Отыскался утюг, и Сева занялся им, насвистывая.
– Мамаша, у вас в хозяйстве отвертка есть?
У него крупные руки с широкими розовыми ногтями. Даже странно, как ловко они ухватывают тончайшую проволочку или винтик. Тут он мастер, смотреть приятно. Таким он бывает, когда налаживает приборы в лаборатории. Незаменимый Прошин – его заводская кличка. Потому что у него враз получается то, над чем долго бьются другие.
Лида разложила фотографии по конвертам, отнесла в кладовку. Там одиноко лежал конверт с пометкой «Лида взрослая». Она достала карточки Вадима – их было три, все для документов. Посмотрела украдкой и спрятала, успев подумать: «Как школьница».
Да, так и не съездили вместе на юг. А сколько мечтали… Думали по дороге заехать сюда – Вадим хотел повидать стариков, с которыми был заочно знаком, даже слал им приветы в ее письмах. Никогда этого не будет. Никогда!
Мать забыла приготовить обед. Пообедали кое-как тем, что осталось от завтрака. И тут мать вспомнила про тыкву:
– Лидочка, детка! Это тебе, в твою честь! – запричитала она. – Тыквенная каша, твоя любимая! И никто не напомнил! Ивась, ты виноват! Почему ты не напомнил?

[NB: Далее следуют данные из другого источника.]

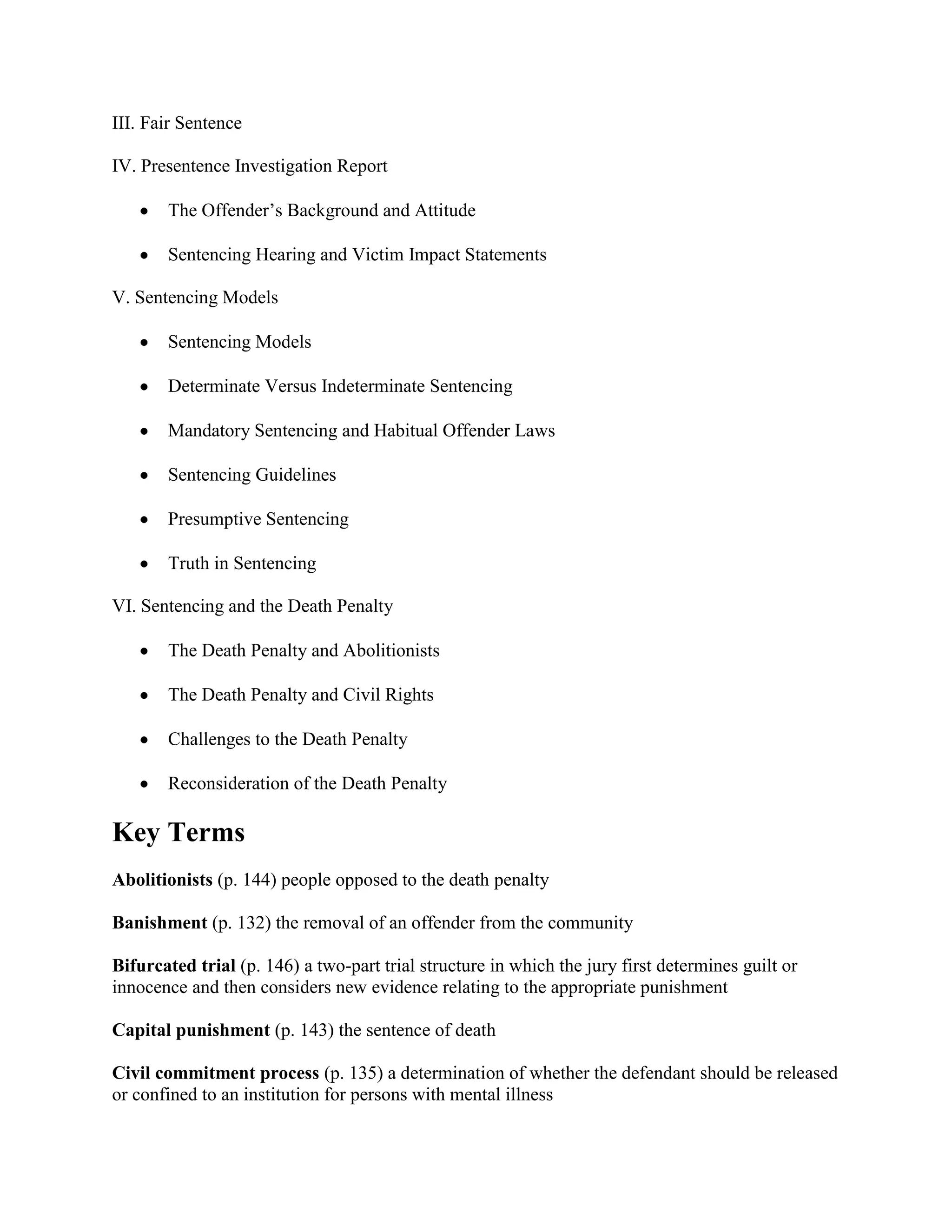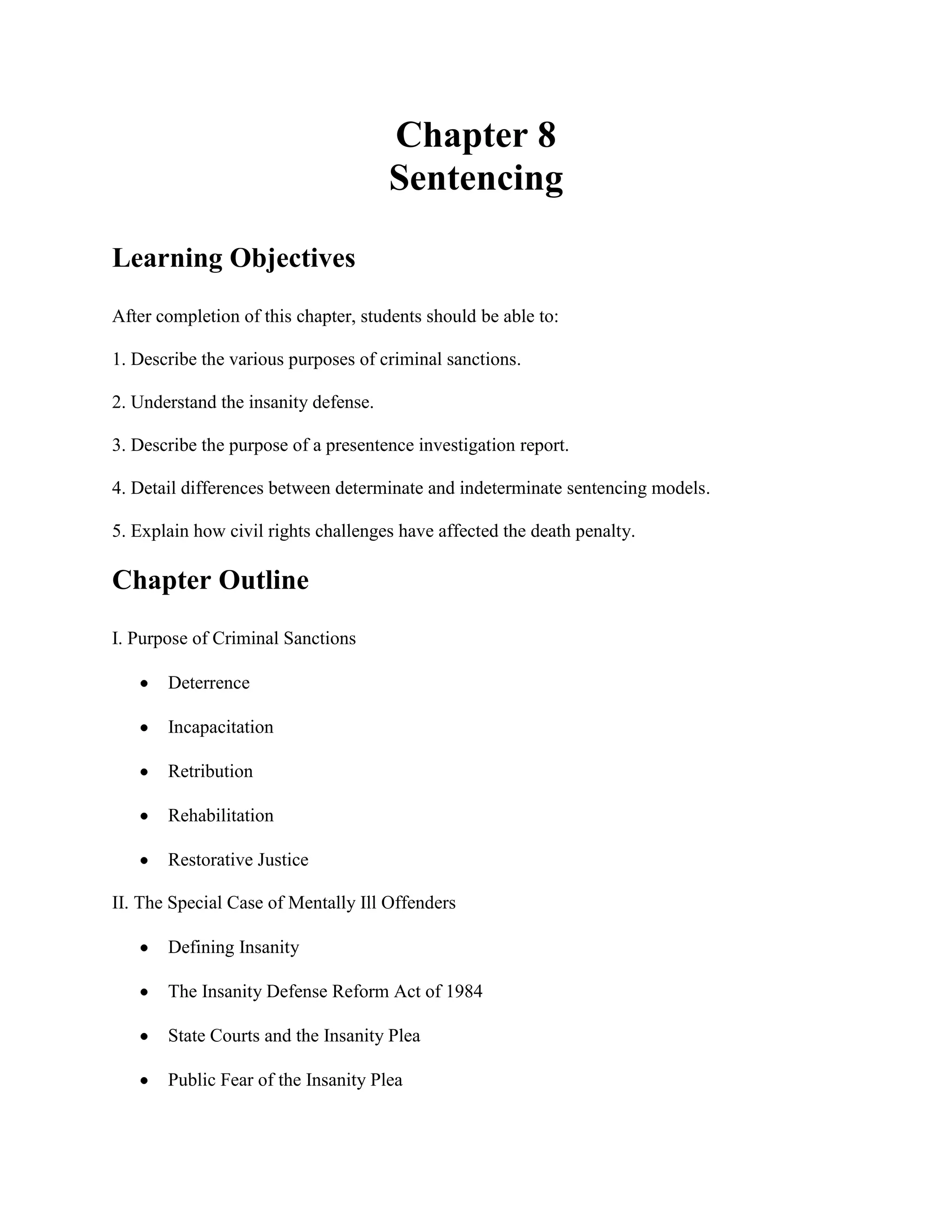 This chapter discusses criminal sentencing, including the philosophies that justify sanctions like deterrence, incapacitation, retribution, rehabilitation, and restorative justice. It also addresses mentally ill offenders and the insanity defense. There are two major sentencing models: indeterminate sentencing based on parole and structured sentencing using guidelines, determinate sentences, and presumptive sentencing. Mandatory sentencing and three-strikes laws are examples of structured sentencing. While the death penalty remains controversial, many states are reexamining it due to documented wrongful convictions.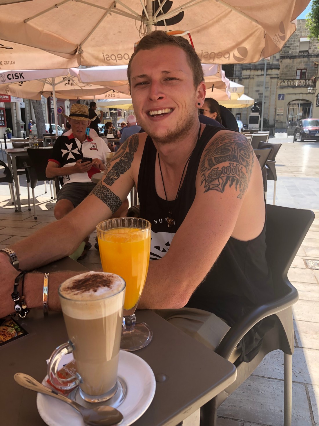 A happy Aaron finally found a freshly squeezed orange juice.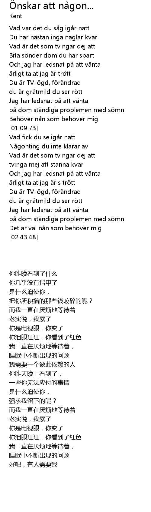 | [02:37.39] | Det r v l n n som beh ver mig |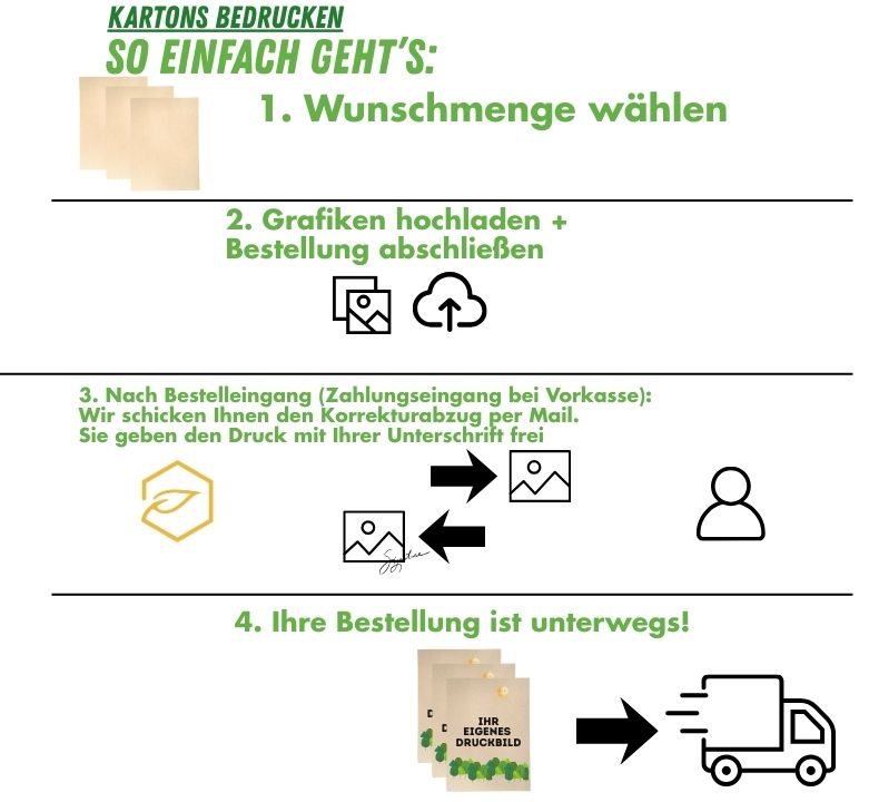 E-Commerce Papierfaltentasche 450X350X120 + 100 mm | FSC-zertifiziert Sie können die praktische Graspapier-E-Commercetasche bei uns mit Ihrem Logo oder anderem Bild bedrucken lassen. Mit einem individuellen Druck verwandeln Sie die die Tasche in einen attraktiven und umweltfreundlichen Werbeträger. Laden Sie beim Kauf Ihr gewünschtes Bild mit hoch: In unserem Grafikstudio prüfen wir die Machbarkeit und setzen uns direkt mit Ihnen in Kontakt, damit Sie Ihren Druck genau nach Ihren Vorstellungen erhalten.
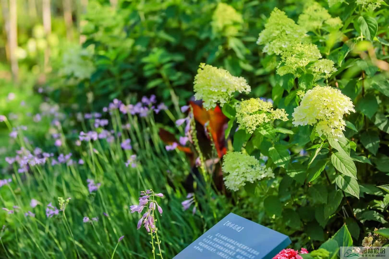 多个品种的绣球正次第开放,粉色、蓝色、紫色、白色等,五彩斑斓,绚丽多姿。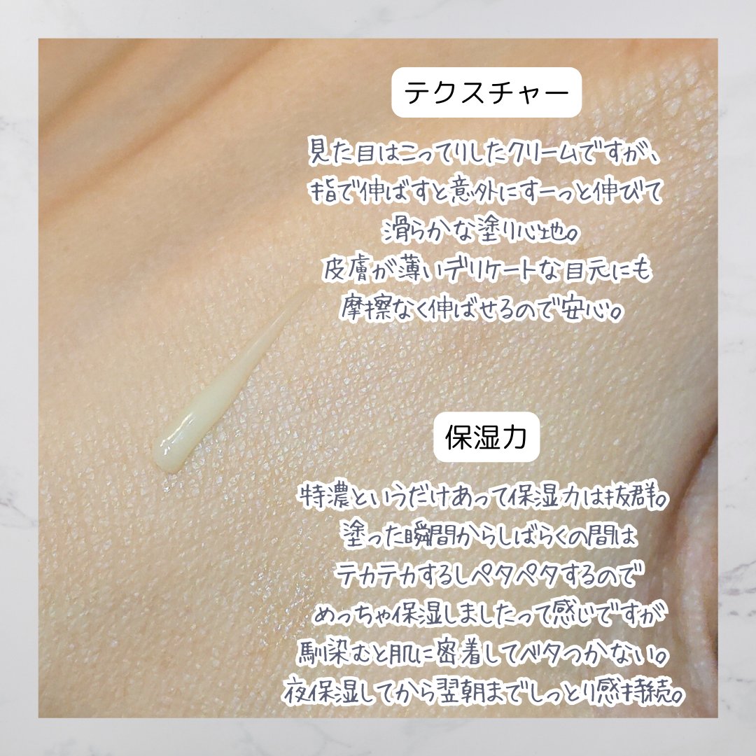 | スキンケアランキング第45位 | こっくりとしたテクスチャーのクリーム。 のびがいいというよりはその場にとどまってくれる感じ。 | 詳細を見る | |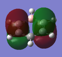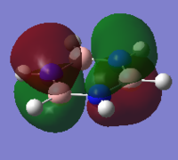 MO 18 In benzene MO 18 is degenerate with MO 19 and shows sigma bonding character not π bonding like MO 17. Between boratabenzene, borazine and benzene, the MOs in shape look very similar with pyridinium being significantly different to the other 3 molecules. Once again the electronegativty of the atom dictates the size of the orbitals with benzene the bonding and anto-bonding component looking very similar on a qualitative approach of looking at the volume the anti-bonding and bonding lobes of the molecule. For boratabenzene carbon's sp2 hybrisided orbitals are lower in energy than the sp2 hybridised boron orbitals resulting in a greater energy mismatch and more diffused orbitals formed which is evident from comparing the lobe at the boron in boratabenzene to the lobe found in the same position on benzene. With borazine the greater diffusion of the orbitals is even greater than for boratazine as all the carbon positions are substituted with two very different electronegative elements causing a greater energy match of the orbitals. With pyridnium the LCAO is different with the most similar MO of benzene being MO 14 (c.f.benzene MO diagram). This shows a change in the ordering of the MOs for pyridinium relative to benzene molecular orbital diagram and therefore we cannot compare directly MO 18 of pyridinium with Mo 18 of benzene.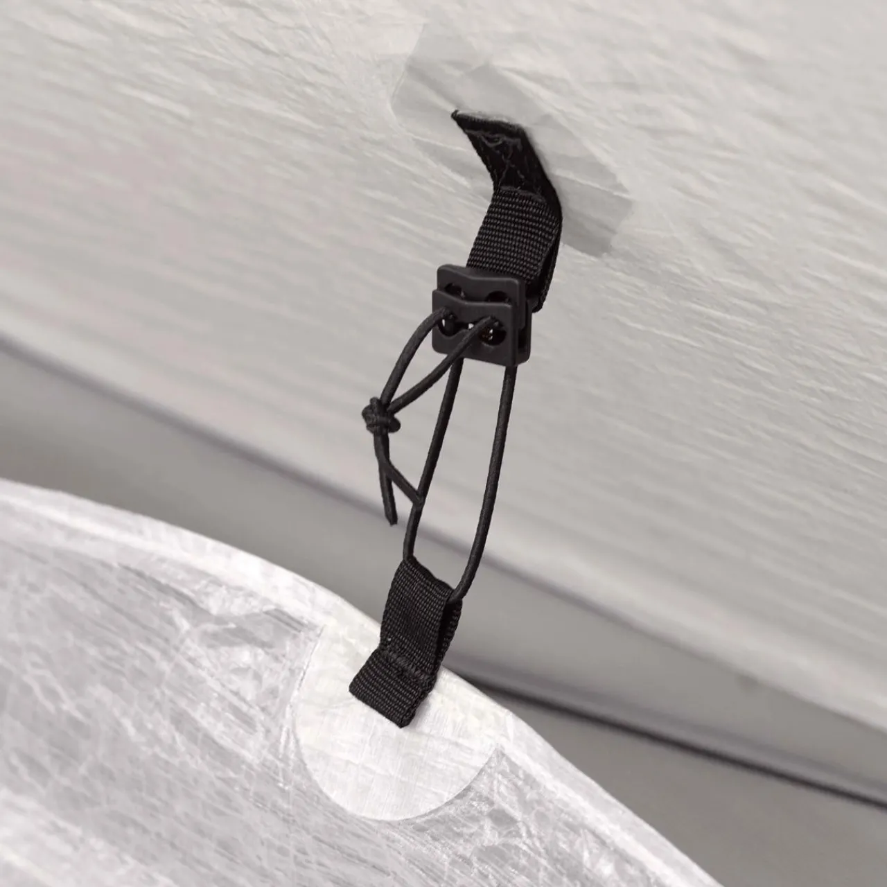 - Tieouts – Interchangeable vestibule door tie-out points. 6 perimeter tie-outs with linelocs reinforced with DCF11. 2 rear mid-panel tie-outs, 2 side mid-panel tie outs. 1 apex tie-out.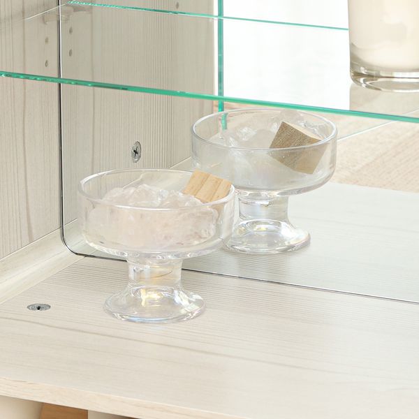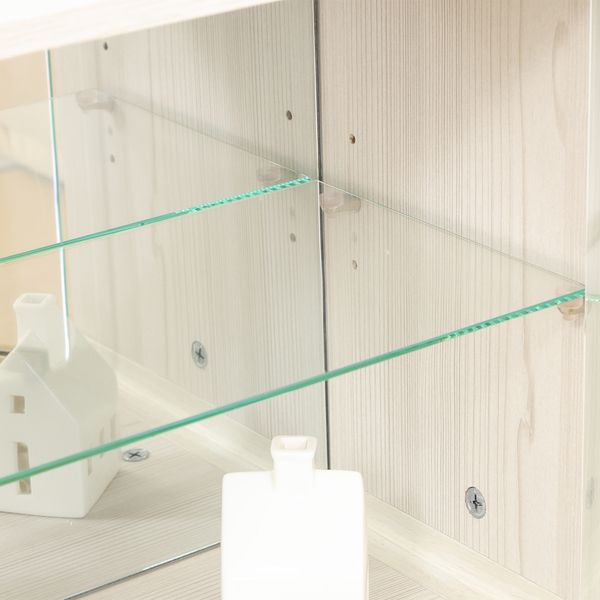 ■プリント紙化粧繊維板 ■棚板/扉部:強化ガラス ■背面ミラー:ガラス ■脚部:天然木(ラバーウッド)

– Верочка, не волнуйся, – сказал доктор. – Тебе нельзя волноваться…
Он накапал ей в рюмку капли, и она их выпила залпом, закусив двумя таблетками. Принял и доктор свои таблетки – из другой коробочки.
За окном посветлело. Дождь перестал, капало только с деревьев. Синие крупные сливы лежали на земле, и Лиде, как в детстве, хотелось выбежать после дождя в сад, собрать их. Но мать снова стала рассказывать, на этот раз про войну. Про то, как Лида зимой заболела корью, бредила, и нужно было достать молока. И тогда мать взяла литровый бидон у квартирной хозяйки – Иван Петрович в прифронтовом госпитале, а она с тремя детьми на Урале – и пошла искать молоко. Нашла наконец молочницу, а та не хочет продавать. Говорит – только в обмен на хлеб и керосин. Мать сняла с пальца кольцо, золотое, с камешком, Ивана Петровича подарок, протянула ей: «Возьмите, пожалуйста, у меня больше ничего нет». И молочница стала креститься, заплакала: «Что вы, что вы! Не дай господи! Я вам так налью!»…
Сева слушал уже с трудом, не скрывая скуки. И Лиде неловко было за мать, которая этого не замечает, и за Севу, который не может этого скрыть. И за отца, который все улыбается своей доброй, восторженной улыбкой человека, уверенного в том, что все на свете обстоит превосходно.
Нельзя было понять, нравится ли ему Сева сам по себе, или он рад, что Лида приняла его формулу – кроме любви, существует организация жизни – и свою жизнь организовала.
Из-за туч выкатилось оранжевое солнце. Пора было ехать на вокзал, тем более что отец вызвался провожать. На дорогу присели.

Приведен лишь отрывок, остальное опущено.